Justin Trudeau lors d’une rencontre en mai dernier avec la secrétaire générale de l’OIF Louise Mushikiwabo. Crédit image : Adam Scotti (Cabinet du premier ministre).

S’il est l’un des acteurs clés au sein de cette organisation, c’est une autre histoire sur le continent africain qui compte plus d’une trentaine de gouvernements et d’États membres permanents ou observateurs à l’OIF.

« On n’est pas un très gros joueur et on n’a pas nécessairement les capacités pour le devenir », estime Marie-Eve Desrosiers.

« On n’a ni argent ni personnel sur place pour être parmi les plus gros joueurs (…). Je ne suis pas convaincue que les choses risquent beaucoup de changer à long terme », ajoute-t-elle.

Elle concède que le Canada « pourrait profiter plus » de sa francophonie avec les pays africains.

« Le Canada en a fait une position très claire qu’il était conscient que l’Afrique était le continent de l’avenir. C’est le continent qui vit une émergence fulgurante mais avec quelques signaux problématiques politiquement, car il y a un recul de la démocratie (…) Mais c’est sûr qu’il y a une opportunité pour le Canada de s’impliquer et de développer ses partenariats en Afrique. »

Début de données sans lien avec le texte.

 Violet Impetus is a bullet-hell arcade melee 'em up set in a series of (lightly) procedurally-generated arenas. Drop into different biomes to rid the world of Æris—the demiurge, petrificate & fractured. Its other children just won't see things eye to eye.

Selon les données de l’OIF de 2018, sur les 321 millions de locuteurs du français, 62 % proviennent d’Afrique. D’ici 2050, on projette que 9 francophones sur 10 au monde proviendront de ce continent et que le français pourrait être la langue la plus parlée du monde.

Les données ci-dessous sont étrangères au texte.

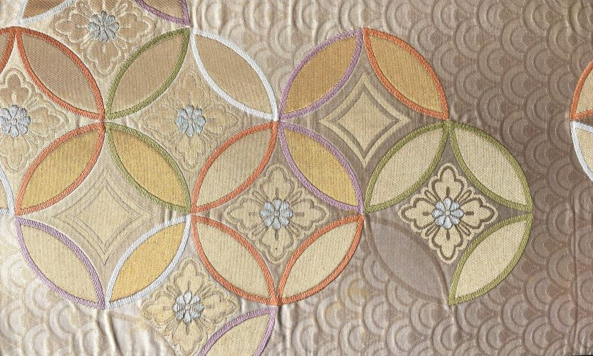 同じ大きさの円を、円周の4分の1ずつ重ねた文様で、輪違いと呼ばれる有職文様でもあります。七宝とは金、銀、瑠璃、玻璃、珊瑚、瑪瑙、硨磲の7つの宝物を意味する仏教用語ですが、文様との関係は諸説ありはっきりとはわかっていません。

L’Ontario, membre observateur de l’OIF, sera d’ailleurs représenté cette fin de semaine par la ministre des Affaires francophones Caroline Mulroney. Elle rejoint la délégation canadienne qui comporte le Nouveau-Brunswick et le Québec, dont le premier ministre François Legault. Il s’agit du premier Sommet de la Francophonie depuis 2018 qui avait eu lieu en Arménie. Le sommet de 2020 avait été reporté en premier lieu pour cause de la pandémie et l’an dernier en raison de la situation instable politiquement en Tunisie.